Sabor puro e picante fortemente afetado pela formação pura de bolor azul. O sabor pode ser acentuado e ligeiramente salgado e picante, com leve tendência para o amargo.

 

Cura:

5 semanas, no mínimo.

3.3.   Matérias-primas (unicamente para os produtos transformados):

O «Danablu» é fabricado exclusivamente com leite da área geográfica identificada.

3.4.   Alimentos para animais (unicamente para os produtos de origem animal):

Não existem disposições especiais sobre a qualidade ou origem dos alimentos.

3.5.   Fases específicas da produção que devem ter lugar na área geográfica identificada:

A produção tem de ocorrer integralmente na área geográfica identificada.

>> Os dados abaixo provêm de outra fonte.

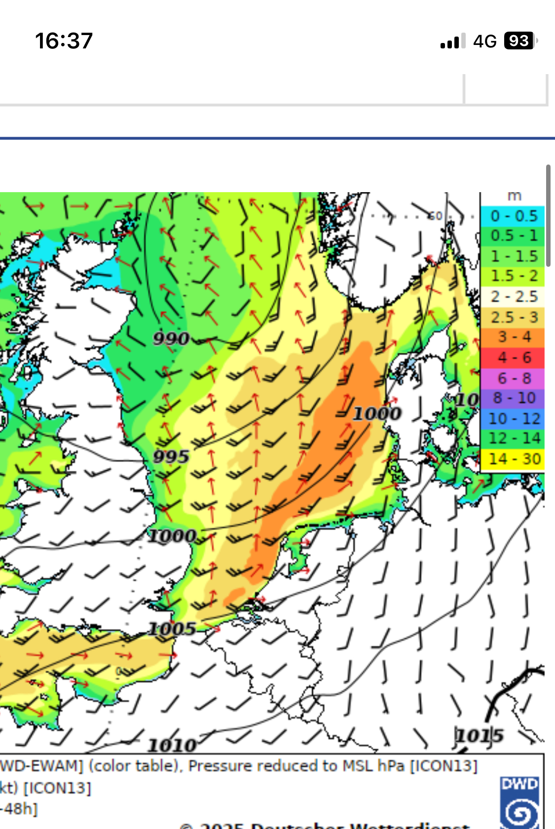Toch aardige wind op de kaartjes, maar dus niet genoeg richting de kust om golven in ZW Nederland te produceren later op de dag?

3.6.   Regras específicas relativas à fatiagem, ralagem, acondicionamento, etc.:

Não há disposições específicas nesta matéria.

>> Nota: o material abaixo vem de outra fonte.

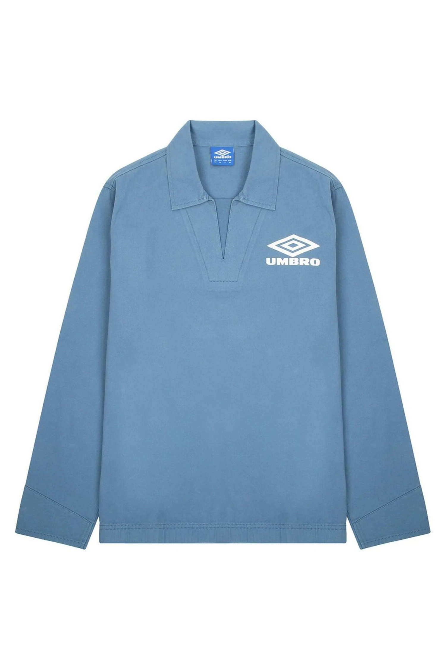 Umbro reaffirms its roots as uniform to 1990 s Manchester Casuals with the release of its Classic Drill collection. Affirmed as must-have clobber 25 years ago when Oasis performed to its home crowd at Manchester City FCs Maine Road football ground, Umbros drill styles have gone on to become much sought-after symbols of sports/fashion crossover. This Drill Top is styled in a relaxed fit, with an inserted ribbed V to the placket, finished with a self fabric collar and cuff panels and an elasticated gathered hem. The Umbro logo is printed in a matte platisol finish to the front chest and back.

3.7.   Regras específicas relativas à rotulagem:

«Danablu» (50+ ou 60+).

Admite-se a tradução «Danish Blue Cheese» ou equivalente em todas as línguas oficiais.

4.   Delimitação concisa da área geográfica:

Dinamarca

5.   Relação com a área geográfica:

5.1.   Especificidade da área geográfica:

O «Danablu» é fabricado exclusivamente com leite de vacas dinamarquesas, de acordo com a receita original.

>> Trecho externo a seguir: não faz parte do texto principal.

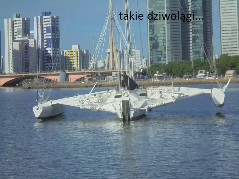 Po tygodniu ruszam dalej na południe. Do Recife. To niebywale trudny odcinek. W deszczu, mgle i silnym wietrze. Autopilot nie trzyma. Brak ładowania baterii, bo nie ma słońca. Muszę podpierać się silnikiem. Ale śruba za często jest bez wody, gdy spadam z fali. Ostatnio też trzyma się burty rekin. Udaje, że go nie interesuję, ale czeka aż wypadnę. Znów muszę zakładać szelki w nocy. Kiedy wreszcie płynąc na silniku wchodzę do rzeki w Recife, widzę już spokój przy kei i mały drink z cachiasy. Niestety. Muszę stanąć na kotwicy i nie wolno mi przybijać nawet pontonem do kei. Podobno obcokrajowcy roznoszą bakterie i wirusy.

Delimitação concisa da área geográfica

O principal elemento do fabrico do «Danablu» que o limita especificamente à área geográfica da Dinamarca é a experiência tradicional e o saber dos queijeiros dinamarqueses. É graças a esta especialização única que o «Danablu» mantém as suas qualidades tradicionais.

5.2.   Especificidade do produto:

O «Danablu» é um queijo de veios azuis, gordo ou extra gordo, entre semi-firme e macio, curado com bolor azul, fabricado com leite de vaca dinamarquês. O leite é homogeneizado e termizado/pasteurizado, facto que confere ao queijo um sabor ativo e picante e uma textura que permite o corte, ligeiramente quebradiça. O «Danablu» possui sabor mais acentuado do que outros queijos de filamentos azuis. A crosta é branca, isenta de bolor visível ou de outros microrganismos.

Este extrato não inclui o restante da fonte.